(Data section)

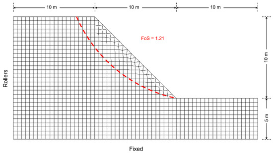 The stability of this slope has been preliminary analyzed using the LEM with Bishop’s simplified method. This approach provides a safety factor equal to 1.21, corresponding to those computed with similar methods (i.e., 1.20, 1.21, and 1.21) by Cho (2010) [4], Li et al. (2015) [5], and Liu et al. (2017) [6], respectively. The obtained failure surface is represented by the red dashed line in Figure 3.
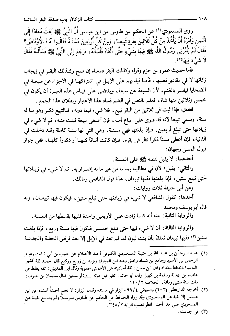 رَوَى الْمَسْعُودِيُّ عَنِ الْحَكَمِ عَنْ طَاوُسٍ عَنِ ابْنِ عَبَّاسٍ أَنَّ النَّبِيَّ - صَلَّى اللَّهُ عَلَيْهِ وَسَلَّم َ - بَعَثَ مُعَاذًا إِلَى الْيَمَنِ وَأَمَرَهُ أَنْ يَأْخُذَ مِنْ كُلِّ ثَلَاثِينَ بَقَرَةً تَبِيعًا، وَمِنْ كُلِّ أَرْبَعِينَ مُسِنَّةً فَقَالُوا لَهُ فَالْأَوْقَاصُ؟ فَقَالَ لَمْ يَأْمُرْنِي رَسُولُ اللَّهِ - صَلَّى اللَّهُ عَلَيْهِ وَسَلَّم َ - فِيهَا بِشَيْءٍ، حَتَّى أَلْقَاهُ فَأَسْأَلَهُ، فَرَجَعَ إِلَى النبي - صَلَّى اللَّهُ عَلَيْهِ وَسَلَّم َ - فَسَأَلَهُ فَقَالَ لَا شَيْءَ فِيهَا.
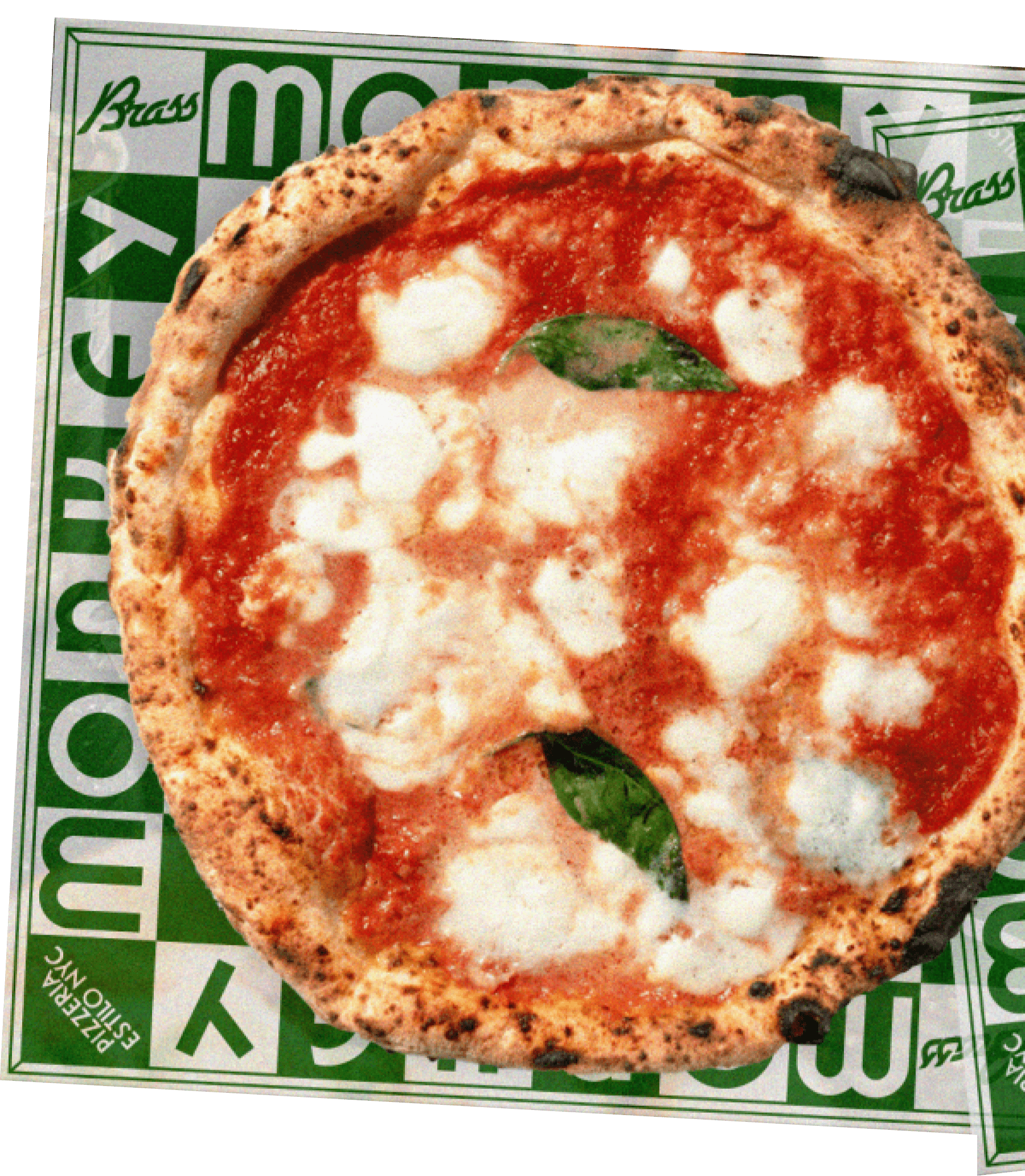Base gratinada con mozzarella banada en nuestras 3 salsas: marinara vodka sauce* y pesto Una delicia que esta en tendencia

(End Data section)

- [Problem description] Please set down the whole listing above exactly and skip every picture.

- [Result of this task]
 The stability of this slope has been preliminary analyzed using the LEM with Bishop’s simplified method. This approach provides a safety factor equal to 1.21, corresponding to those computed with similar methods (i.e., 1.20, 1.21, and 1.21) by Cho (2010) [4], Li et al. (2015) [5], and Liu et al. (2017) [6], respectively. The obtained failure surface is represented by the red dashed line in Figure 3.
 رَوَى الْمَسْعُودِيُّ عَنِ الْحَكَمِ عَنْ طَاوُسٍ عَنِ ابْنِ عَبَّاسٍ أَنَّ النَّبِيَّ - صَلَّى اللَّهُ عَلَيْهِ وَسَلَّم َ - بَعَثَ مُعَاذًا إِلَى الْيَمَنِ وَأَمَرَهُ أَنْ يَأْخُذَ مِنْ كُلِّ ثَلَاثِينَ بَقَرَةً تَبِيعًا، وَمِنْ كُلِّ أَرْبَعِينَ مُسِنَّةً فَقَالُوا لَهُ فَالْأَوْقَاصُ؟ فَقَالَ لَمْ يَأْمُرْنِي رَسُولُ اللَّهِ - صَلَّى اللَّهُ عَلَيْهِ وَسَلَّم َ - فِيهَا بِشَيْءٍ، حَتَّى أَلْقَاهُ فَأَسْأَلَهُ، فَرَجَعَ إِلَى النبي - صَلَّى اللَّهُ عَلَيْهِ وَسَلَّم َ - فَسَأَلَهُ فَقَالَ لَا شَيْءَ فِيهَا.
Base gratinada con mozzarella banada en nuestras 3 salsas: marinara vodka sauce* y pesto Una delicia que esta en tendencia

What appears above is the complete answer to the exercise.